4.4 Crawler configuration, start and stop

4.4.1 Spider

Spider is crawler start entrance. Before starting the crawlers, we need to use a PageProcessor create a Spider object, and then use the run() to start. While other components of the Spider (Downloader, Scheduler, Pipeline) can be set by a set method.

Method Description Examples
create(PageProcessor) Create Spider spider.create(new GithubRepoProcessor())
addUrl(String…) Add initial URL spider.addUrl("http://webmagic.io/docs/")
addRequest(Request...) Add initial Request spider.addRequest("http://webmagic.io/docs/")
thread(n) n threads open spider.thread(5)
run() starts, blocking the current thread of execution spider.run()
start()/runAsync() asynchronous start, continue with the current thread spider.start()
stop() stop crawler spider.stop()
test(String) crawl a page to test spider.test("http://webmagic.io/docs/")
addPipeline(Pipeline) add a Pipeline, a Spider can have multiple Pipeline spider.addPipeline(new ConsolePipeline())
setScheduler(Scheduler) Settings Scheduler, a Spider must have at a Scheduler spider.setScheduler(new RedisScheduler())
setDownloader(Downloader) Settings Downloader, a Spider must have at a Downloader spider.setDownloader(new SeleniumDownloader())
get(String) synchronous calls, and direct access to the results ResultItems result = spider.get("http://webmagic.io/docs/")
getAll(String…) synchronous calls, and direct access to a bunch of results List<ResultItems> results = spider .getAll("http://webmagic.io/docs/", "http://webmagic.io/xxx")

4.4.2 Site

The site itself, some configuration information, such as encoding, HTTP headers, timeout, retry strategies, agents, etc., can be configured by setting Site object.

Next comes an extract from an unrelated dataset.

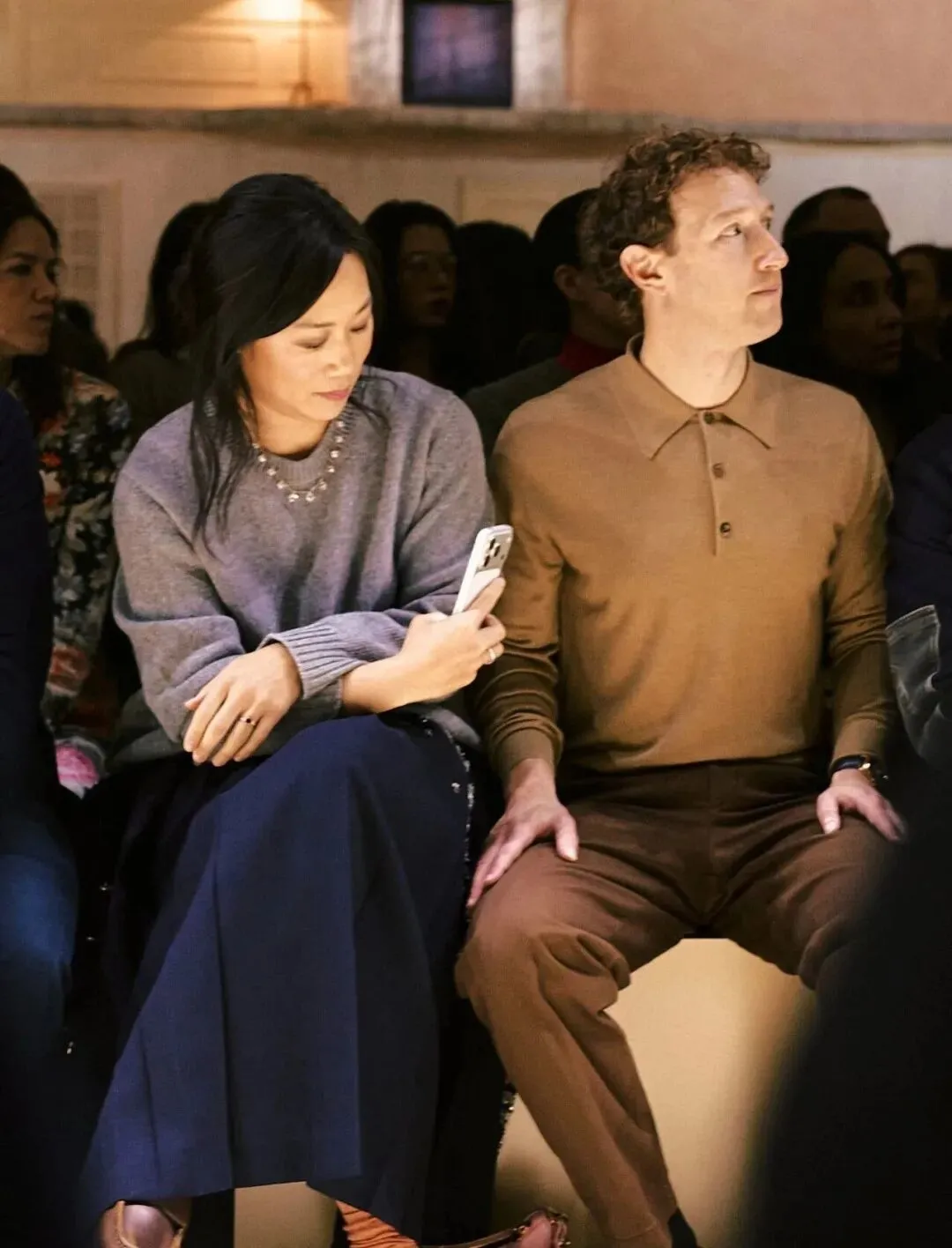 因为一线奢侈品秀场的座位,尤其是头排的座位,就像是在替品牌传递一种信息:我们是谁,我们的世界里有哪些人。设计师和公关团队往往会花大量时间研究谁才能坐这个位置,不会随意发出邀请。 尽管马克扎克伯格本身和库克的标签也不完全相同,他早已是跻身全球前十的富豪,这几年又突然酷爱时尚(戳👉🏻 这里 回顾),而不少大牌确实会根据对时装消费金额的多少来邀请富豪们去看秀。

Method Description Examples
setCharset(String) set the encoding site.setCharset("utf-8")
setUserAgent(String) Settings UserAgent site.setUserAgent("Spider")
setTimeOut(int) set the timeout in milliseconds site.setTimeOut(3000)
setRetryTimes(int) Settings retries site.setRetryTimes(3)
setCycleRetryTimes(int) Setting cycle retries site.setCycleRetryTimes(3)
addCookie(String,String) add a cookie site.addCookie("dotcomt_user","code4craft")
setDomain(String) set up the domain name, the domain name to be set later, addCookie only take effect site.setDomain("github.com")
addHeader(String,String) add a addHeader site.addHeader("Referer","https://github.com")
setHttpProxy(HttpHost) Http proxy settings site.setHttpProxy(new HttpHost("",8080))

Wherein the loop retry cycleRetry version 0.3.0 is added mechanism.

This mechanism will fail to download url back into the tail of the queue retry until the number of retries to ensure that no leakage grasping for some reason the network page.